§ **ACTIVITY**
What you return should be only the lines in the entries below between the one holding "흉쇄유돌근을 위에서 아래로" and the one holding "Стильный янтарный браслет", ends included, with every picture left out.

Records contained in a dataset:
□ □ □

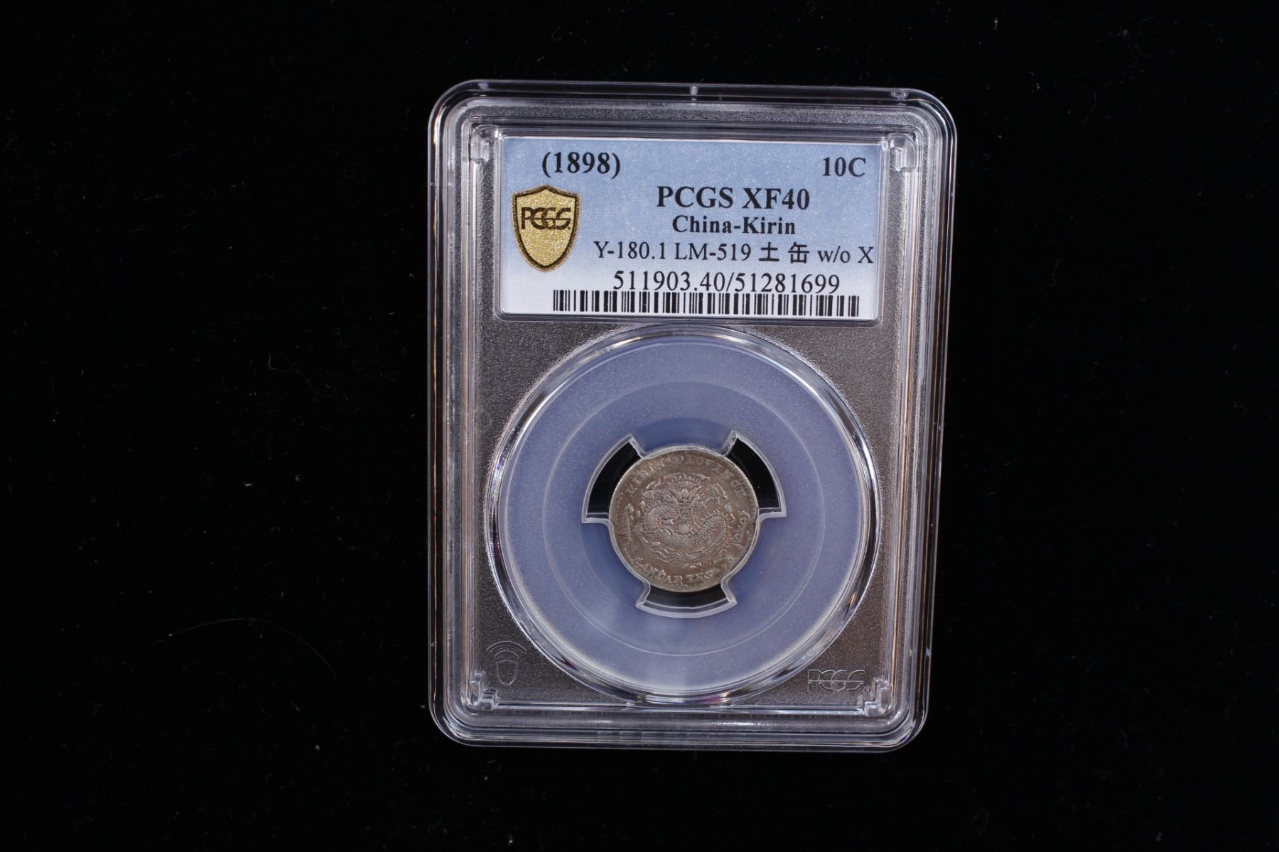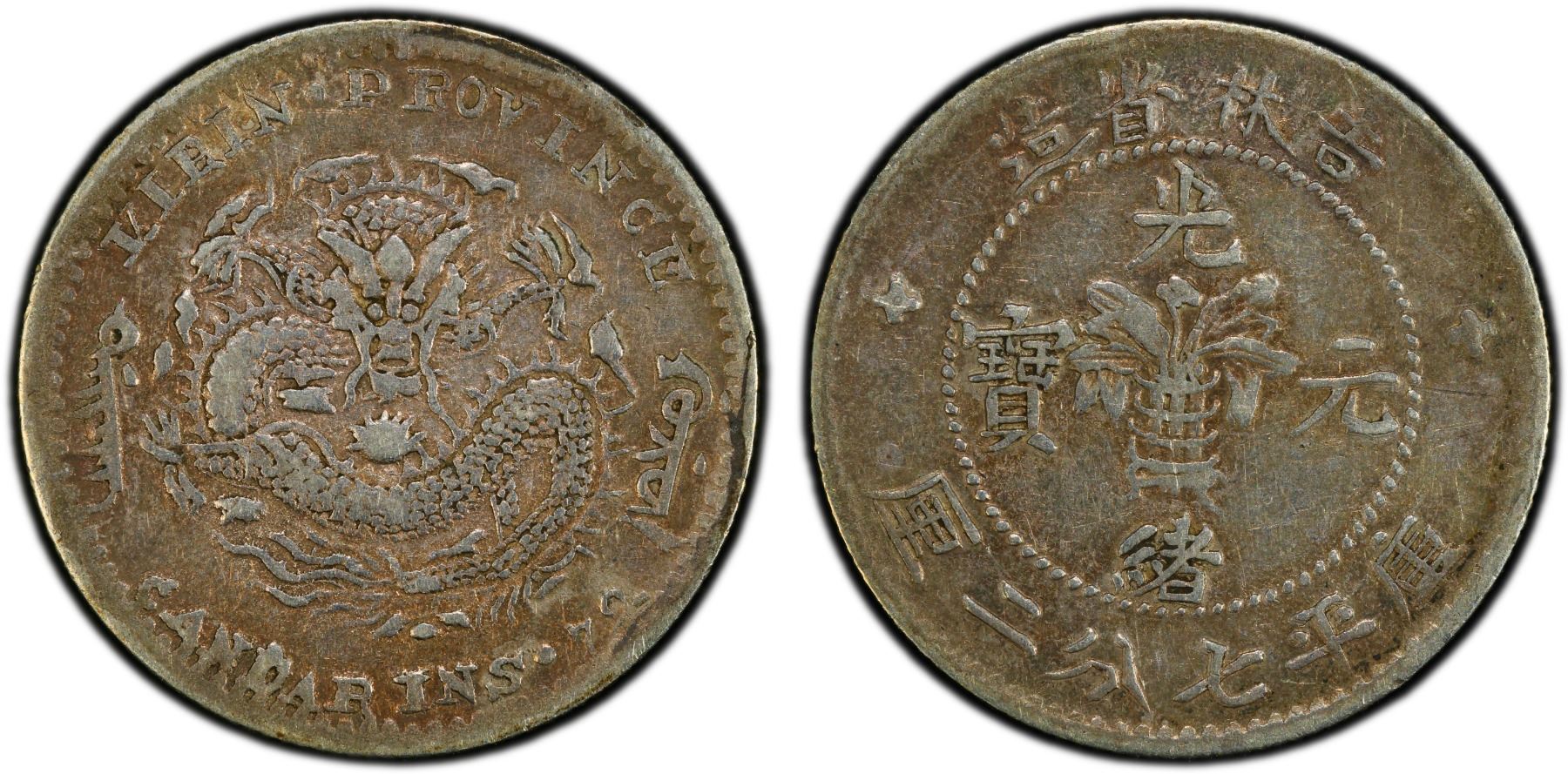 KIRIN: Kuang Hsu, 1875-1908, AR 10 cents, ND (1898), Y-180, L&M-519, scarce tu fou variety, PCGS graded EF40. There are only 11 examples of this rare variety graded at PCGS as of June 2025. Those 11 examples account for only about 1% of the L&M-519 pieces they have graded in total.
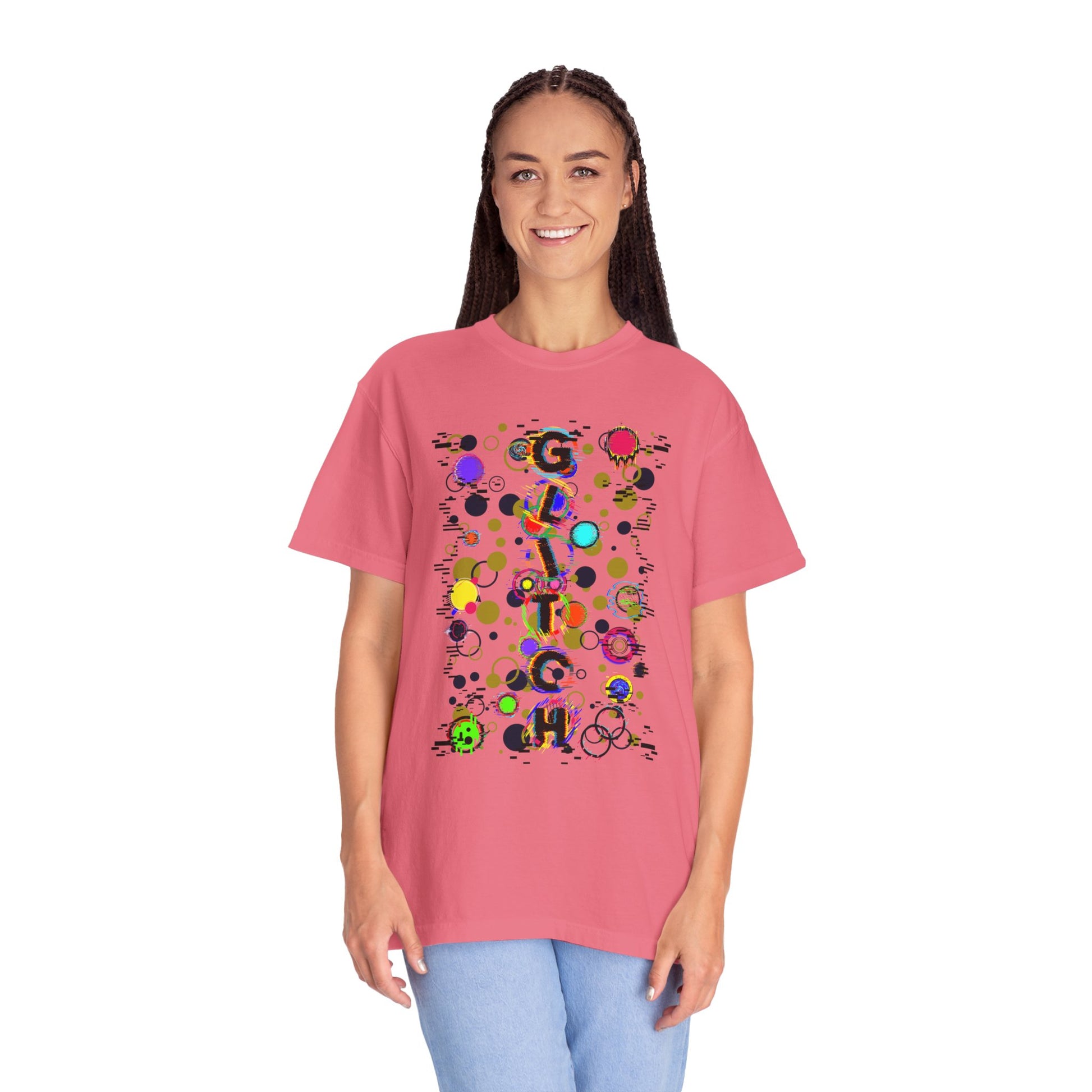 Vibrant and Eye-catching, this Comfort Colors Unisex T-shirt features a Bold, Colorful Glitch word pattern that adds a fun and unique touch to any outfit. It is perfect for those who love to stand out and express their personality through clothing. It is ideal for casual wear, parties, and music festivals.
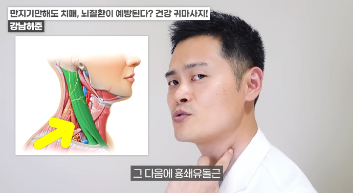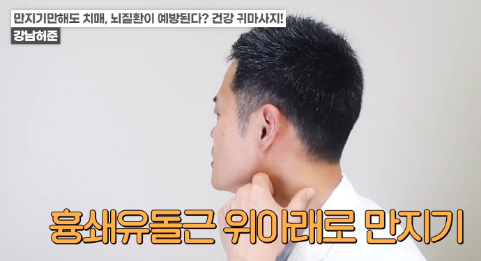 흉쇄유돌근을 위에서 아래로 만져주면 전체적으로 혈액순환이 좋아져 귓불에 탄력이 생긴다. 뇌 혈액순환이 좋아질 뿐만 아니라 얼굴이 화사해지고 신장 기능도 좋아진다.
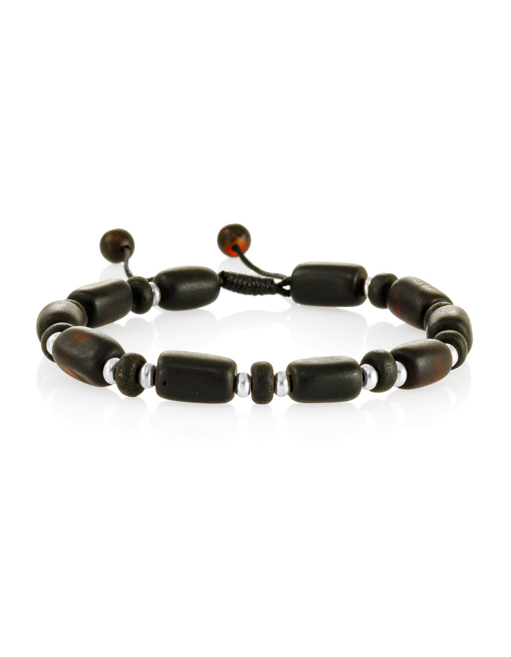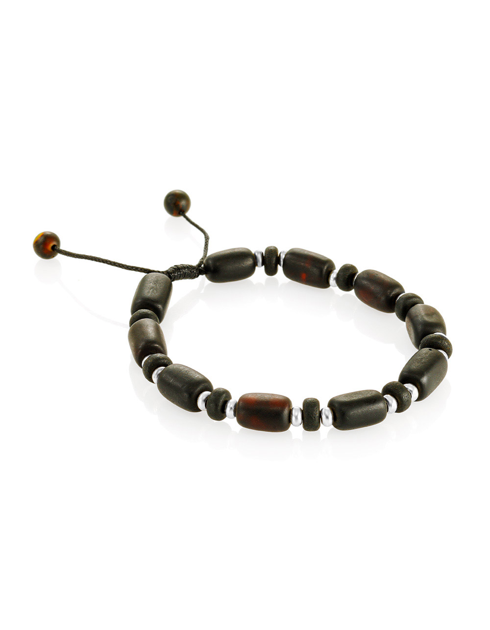 Стильный янтарный браслет «Бочонок матовый тёмно-вишнёвый»
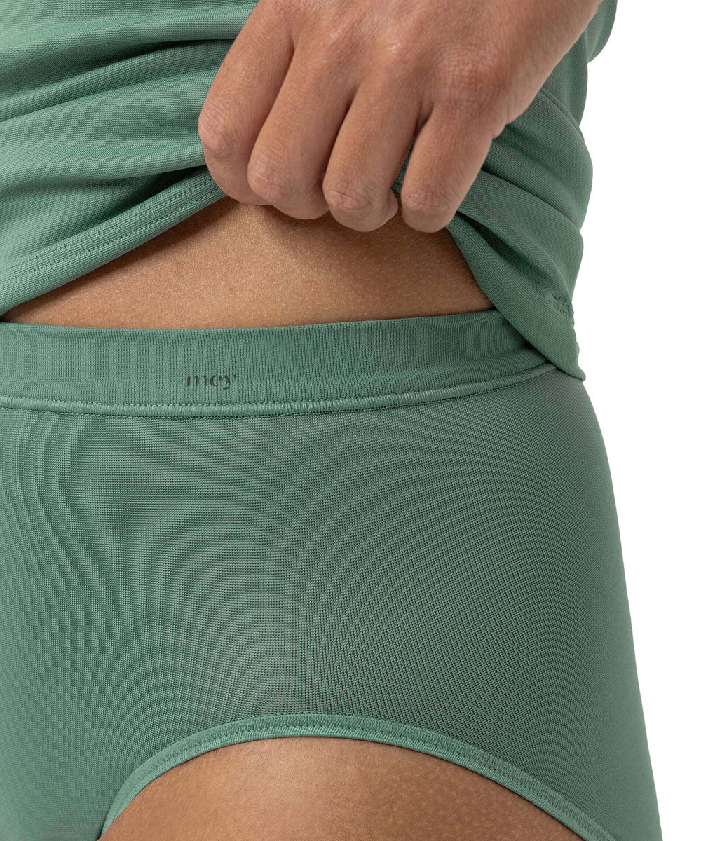 Komfortabel, højtaljet taitrusse fra Mey med blød linning og flade sømme. Trussen er lavet i en åndbar kvalitet. Maxitrussen er en højtaljet trusse med bredt sidestykke og lavt bensnit. Maxitrussen dækker den nederste del af maven og passer derfor godt til tøj, der går op i taljen.
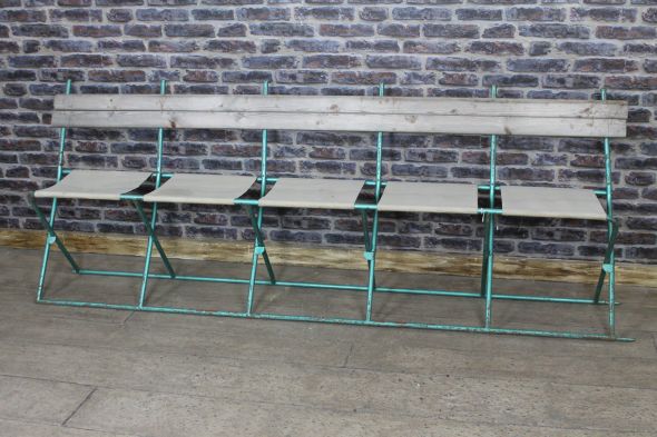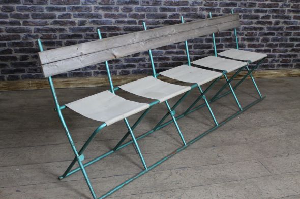 Available in a three or five seat variety, these benches would be great as additional seating for parties, or for use in bars and restaurants. They have a turquoise blue painted frame and feature canvas seats and a timber back.
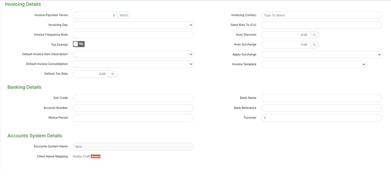 Here you will see the details of the Accounts System and the linked record which will be automatically linked for new records created in Xero by Tracker
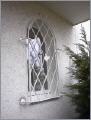 Rahmen aus gehämmerten Flachstahl 30 x 10 mm, Rautenfüllung aus Flachstahl 12 x 6 mm, Rautenverbindungen aus Bundeisen 20 x 4 mm, Wandanker aus Rundstahl Ø 16 mm gehämmert. Mit 2 Komponentenharz im Mauerharz verklebt. Schmetterlinge wurden aus altem Fenstergitter übernommen, sandgestraht und an neuem Gitter verschweißt.

□ □ □

§ **EXERCISE OUTPUT**
 흉쇄유돌근을 위에서 아래로 만져주면 전체적으로 혈액순환이 좋아져 귓불에 탄력이 생긴다. 뇌 혈액순환이 좋아질 뿐만 아니라 얼굴이 화사해지고 신장 기능도 좋아진다.
 Стильный янтарный браслет «Бочонок матовый тёмно-вишнёвый»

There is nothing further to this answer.